Radio frequency switches are basic building blocks for communication and control systems and are used for multiplexing of signals to achieve system reconfigureability and dynamic control. Radio frequency switches may be used in such applications as portable/mobile/satellite communication systems (e.g. cell-phones, PDAs, laptops, phased array antennas, sensors, transceivers etc.). As communication systems approach higher data rate (Giga Bytes per second) and multi-functional operation, stringent requirements are placed on radio frequency switches. Some of these requirements include low power consumption, high reliability, high switching speed, high isolation, low insertion losses, ease of integration/implementation, as well as affordability. In particular, for 3 G (third generation) wireless phones and space-based applications, low power consumption is critical to ensure reliable, long lifetime operation on limited power supplies. MEMS or solid-state based switches which are currently used are incapable of meeting future demands due to associated disadvantages. MEMS devices utilize complicated manufacturing processes and are expensive to make. See FIG. 8, FIG. 8 is a table comparing electronic, physical and cost properties of MEMS, Solid State, and Nanoionics switches.

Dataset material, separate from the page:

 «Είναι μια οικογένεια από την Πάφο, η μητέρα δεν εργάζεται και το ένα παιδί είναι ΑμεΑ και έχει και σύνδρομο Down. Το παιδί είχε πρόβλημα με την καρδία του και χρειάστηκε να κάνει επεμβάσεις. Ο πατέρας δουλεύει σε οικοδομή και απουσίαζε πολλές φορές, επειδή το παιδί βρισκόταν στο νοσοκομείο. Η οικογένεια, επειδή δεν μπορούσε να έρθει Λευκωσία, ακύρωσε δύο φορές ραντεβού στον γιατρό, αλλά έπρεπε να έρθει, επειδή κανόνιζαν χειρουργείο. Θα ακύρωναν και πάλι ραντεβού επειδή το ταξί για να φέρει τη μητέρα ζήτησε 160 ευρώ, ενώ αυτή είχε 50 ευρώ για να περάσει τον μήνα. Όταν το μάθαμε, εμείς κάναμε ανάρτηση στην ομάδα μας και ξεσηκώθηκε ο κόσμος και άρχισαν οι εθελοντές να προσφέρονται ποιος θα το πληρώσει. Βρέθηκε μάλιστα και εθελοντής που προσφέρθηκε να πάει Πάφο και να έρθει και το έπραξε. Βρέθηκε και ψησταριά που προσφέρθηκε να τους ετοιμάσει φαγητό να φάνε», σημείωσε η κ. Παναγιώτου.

The present state-of-the-art radio frequency devices employ electronic, mechanical, or a combination of the two (electromechanical) processes to induce a change in state (on/off). Radio frequency switching applications usually employ solid state switches (i.e., diodes, FETs) or microelectromechanical systems (MEMS), both of which possess associated weaknesses. Solid state diodes can be produced cost-effectively to operate at low voltages (1-3V) and high speeds (ns), but suffer from higher insertion loss, high DC power consumption, low isolation, and the generation of third-order harmonics/intermodulation distortion (IMD). MEMS-based switches provide low insertion loss (˜0.2 dB), low DC power consumption (˜pW), high isolation (>30 dB), and good IMD performance, but exhibit reliability problems (e.g., stiction, moving parts), slower switching speeds (ps), high actuation voltages (5-50V) which require complex circuitry, and relatively complicated processing steps. Furthermore, MEMS packaging presents additional problems which need to be addressed before widespread use is realizable.

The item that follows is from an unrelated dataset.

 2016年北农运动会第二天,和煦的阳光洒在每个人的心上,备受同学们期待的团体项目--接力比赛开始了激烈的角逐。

Chalcogenide glasses contain a large number of group VI or “chalcogen” atoms (S, Se, Te and O) and have a wide range of physical characteristics. Stable binary glasses typically involve a group IV or group V atom, such as Ge—Se or As—S. Non-oxide glasses usually are more rigid than organic polymers but more flexible than a typical oxide glass. The flexibility of these materials offers the possibility of the formation of voids through which the ions can readily move from one equilibrium position to another. The addition of Ag or Cu (Group I elements) transforms the chalcogenide glass into an electrolyte as these metals form mobile ions within the material. The ions are associated with the chalcogen atoms. The high dielectric constant of the glass materials (typically around 10), reduces the coulombic attractive forces between the charged species and allows high ionic mobility. The conductivity of the ternary glasses is a strong function of the mobile ion concentration. “Ternary” generally means a compound having three elements.

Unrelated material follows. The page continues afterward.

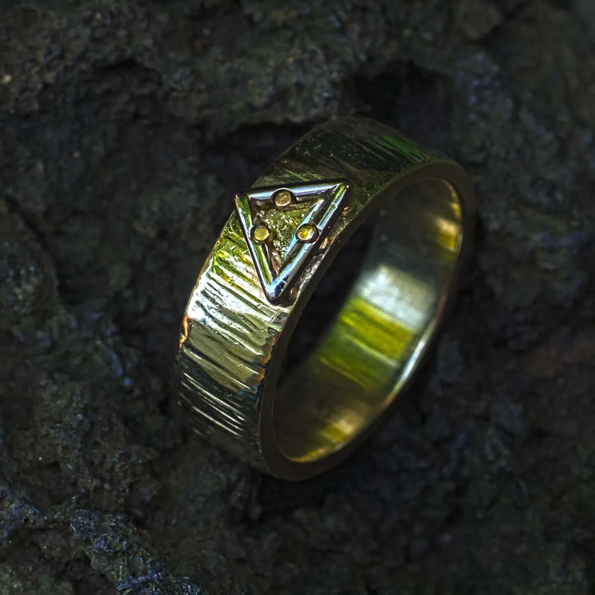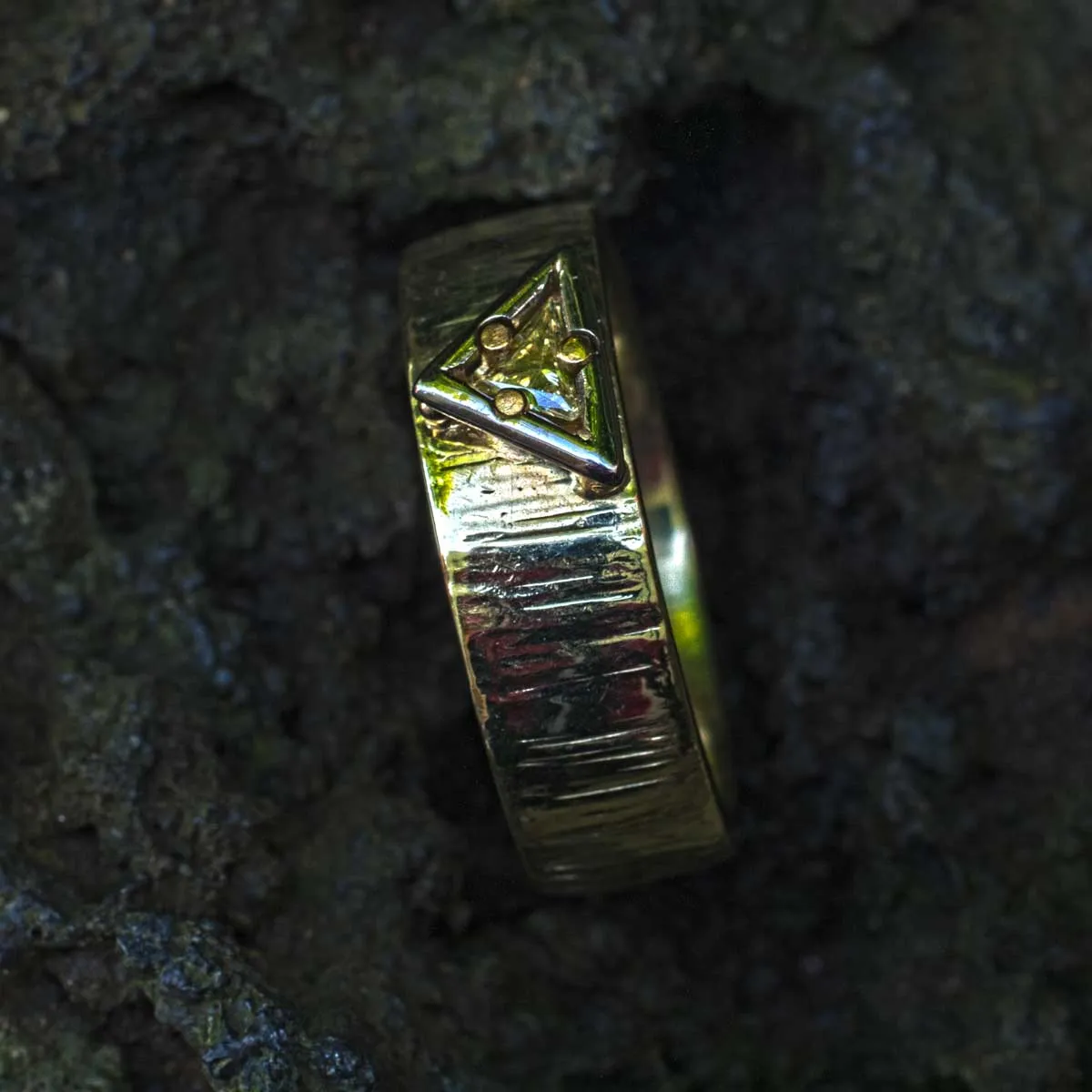 6,4mm breiter Ring aus Grüngold mit Hammerschlag Oberfläche mit aufgesetztem dreieckigen Diamantein in Krappenfassung mit Weißgold-Rand

“The transformation that occurs in ternary electrolytes at over a few atomic percent of metal is not a subtle one by any means. Indeed, the material undergoes considerable changes in its nanostructure that have a profound effect on its macroscopic characteristics. These changes are a result of phase separation caused by the reaction of silver with the available chalcogen in the host to form distinct regions of Ag2Se in Ag—Ge—Se and Ag2S in Ag—Ge—S ternaries.” See, Devices based on mass transport in solid electrolytes, Michael N. Kozicki and Maria Mitkova, Center for Applied Nanoionics, Arizona State University.
“The addition of Ag (or Cu) to the chalcogenide base glass can be achieved by diffusing the mobile metal from a thin surface film via photo dissolution. The process utilizes light energy greater than the optical gap of the chalcogenide glass to create charged defects near the interface between the reacted and unreacted chalcogenide layers. The holes created are trapped by the metal while the electrons move into the chalcogenide film. The electric field formed by the negatively charged chalcogen atoms and positively charged metal ions is sufficient to allow the ions to overcome the energy barrier at the interface and so the metal moves into the chalcogenide. Prior to the introduction of the metal, the glass consists of GeS4 (GeSe4) tetrahedra and, in the case of chalcogen-rich material, S (Se) chains. The introduced metal will readily react with the chain chalcogen and some of the tetrahedral material to form the ternary. This Ag chalcogen reaction, which essentially nucleates on the chalcogen-rich regions within the base glass, results in the nanoscale phase-separated ternary.” See, Devices based on mass transport in solid electrolytes, Michael N. Kozicki and Maria Mitkova, Center for Applied Nanoionics, Arizona State University.
Nanoionics concerns itself with materials and devices that rely on ion transport and chemical change at the nanoscale. The chemical change takes the form of an oxidation/reduction reaction of ionic metal species within some base material to essentially “grow” metal on the surface (or within a film) at low energies.